Ok, then that is eliminated as a possibility of why the OTA recordings are MUCH larger than cable equivalent. Clearly the cable system must be rate shaping/bit starving the OTA channel.

If the OP is using the OTA Tivo to record OTA and the Comcast Cable TiVo to record Cable Channels (which would seem logical), then the MPEG4 (he listed the Chicago DMA) of the Cable Channels would explain why the Cable TiVo has 50% less space used than the OTA TiVo recording MPEG2.


----------



## rainwater (Sep 21, 2004)

SomeRandomIdiot said:


> Ok, then that is eliminated as a possibility of why the OTA recordings are MUCH larger than cable equivalent. Clearly the cable system must be rate shaping/bit starving the OTA channel.
> 
> If the OP is using the OTA Tivo to record OTA and the Comcast Cable TiVo to record Cable Channels (which would seem logical), then the MPEG4 (he listed the Chicago DMA) of the Cable Channels would explain why the Cable TiVo has 50% less space used than the OTA TiVo recording MPEG2.

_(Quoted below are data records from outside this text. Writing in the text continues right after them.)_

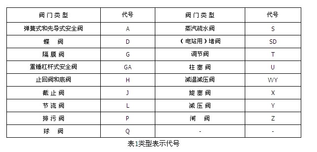 閥門類型代號用漢語拼音字母表示,按表1的規定表示。
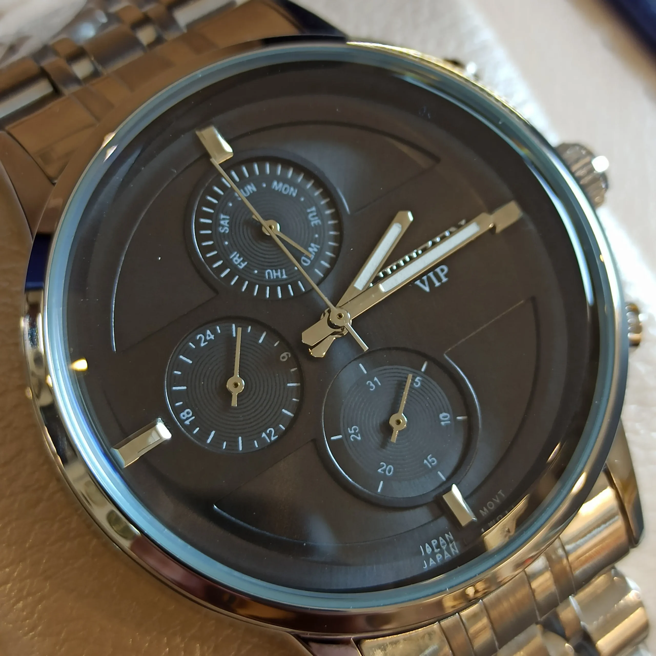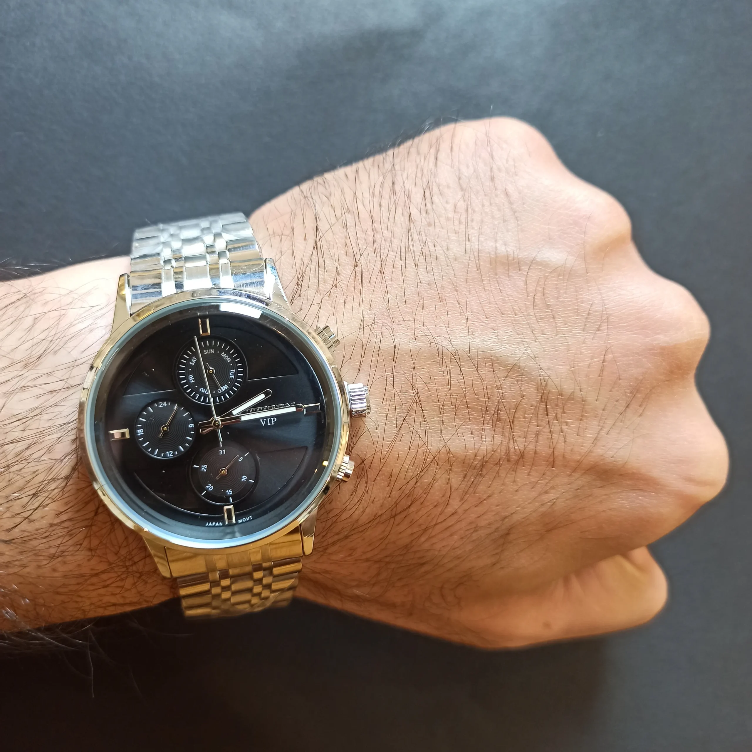 این ساعت از موتور میوتا ژاپنی گرید A بهره میبرد که دقت و دوام بالایی دارد. همچنین دارای ۳ موتور فعال فول تایم است که عملکردی بینقص را تضمین میکند. قاب و بند ساعت از فولاد استیل ۳۰۴ ساخته شده که ضد زنگ و رنگ ثابت است. شیشه کریستال ضدخش، زیبایی و مقاومت ساعت را دوچندان کرده و مدل قفل پروانهای، استفاده از آن را آسان و ایمن میکند.
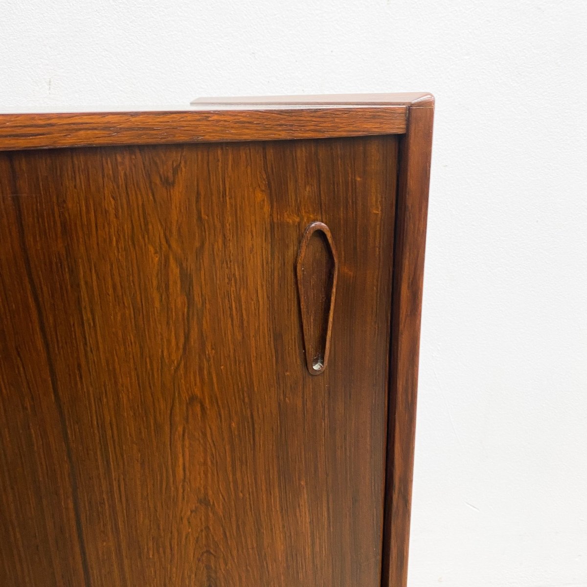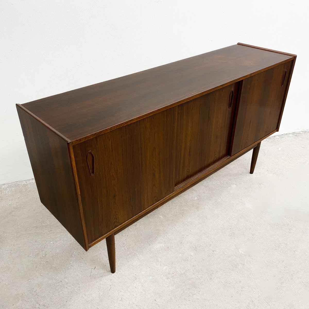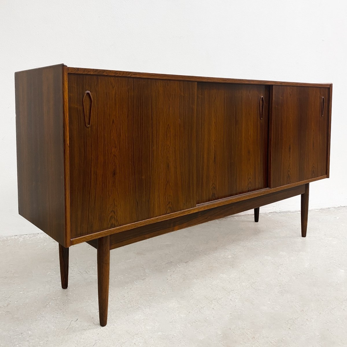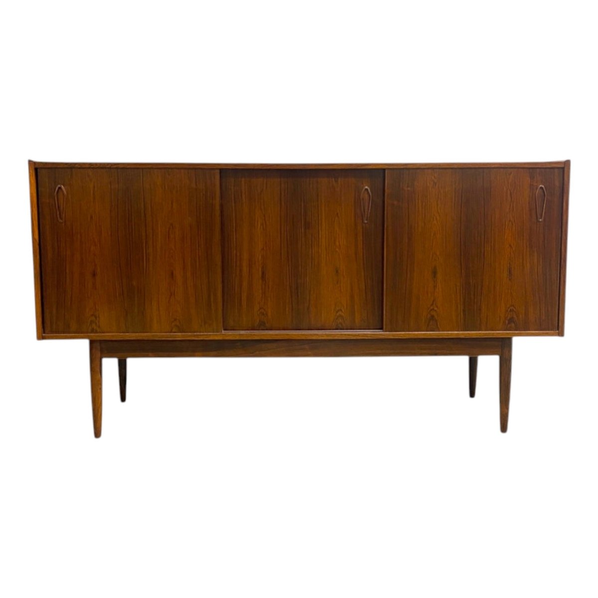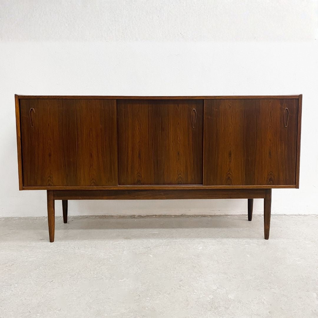Stunning Danish mid century sideboard, crafted from Brazilian rosewood and featuring 3 sliding doors, internal shelves and cutlery drawer. There is a rough hole punched in the back for cables to go through. In great original condition with minor signs of previous use commensurate with age.

Comcast doesn't use mpeg-4 for locals that I know of. Unless his market is some type of test system.


----------



## SomeRandomIdiot (Jan 7, 2016)

rainwater said:


> Comcast doesn't use mpeg-4 for locals that I know of. Unless his market is some type of test system.


I never said it did. Reread my post.

Cable Channels = Discovery, ESPN, Bravo, Disney, TNT, TBS

OTA Channels = CBS, NBC, ABC, FOX, PBS


----------



## rainwater (Sep 21, 2004)

SomeRandomIdiot said:


> I never said it did. Reread my post.
> 
> Cable Channels = Discovery, ESPN, Bravo, Disney, TNT, TBS
> 
> OTA Channels = CBS, NBC, ABC, FOX, PBS


Re-read the first post. The poster is talking about OTA recordings and the locals on Comcast. Those recordings would not be affected by mpeg-4.


----------



## SomeRandomIdiot (Jan 7, 2016)

rainwater said:


> Re-read the first post. The poster is talking about OTA recordings and the locals on Comcast. Those recordings would not be affected by mpeg-4.


You might want to check yourself and re read the OPs 2nd Paragraph. If realize you need to use some logic which is often in short supply, but if he is not recording OTAs via Comcast now, what Must he be recording on the Comcast TiVo?

Easier than many Aptitude Questions.

Apology accepted.


----------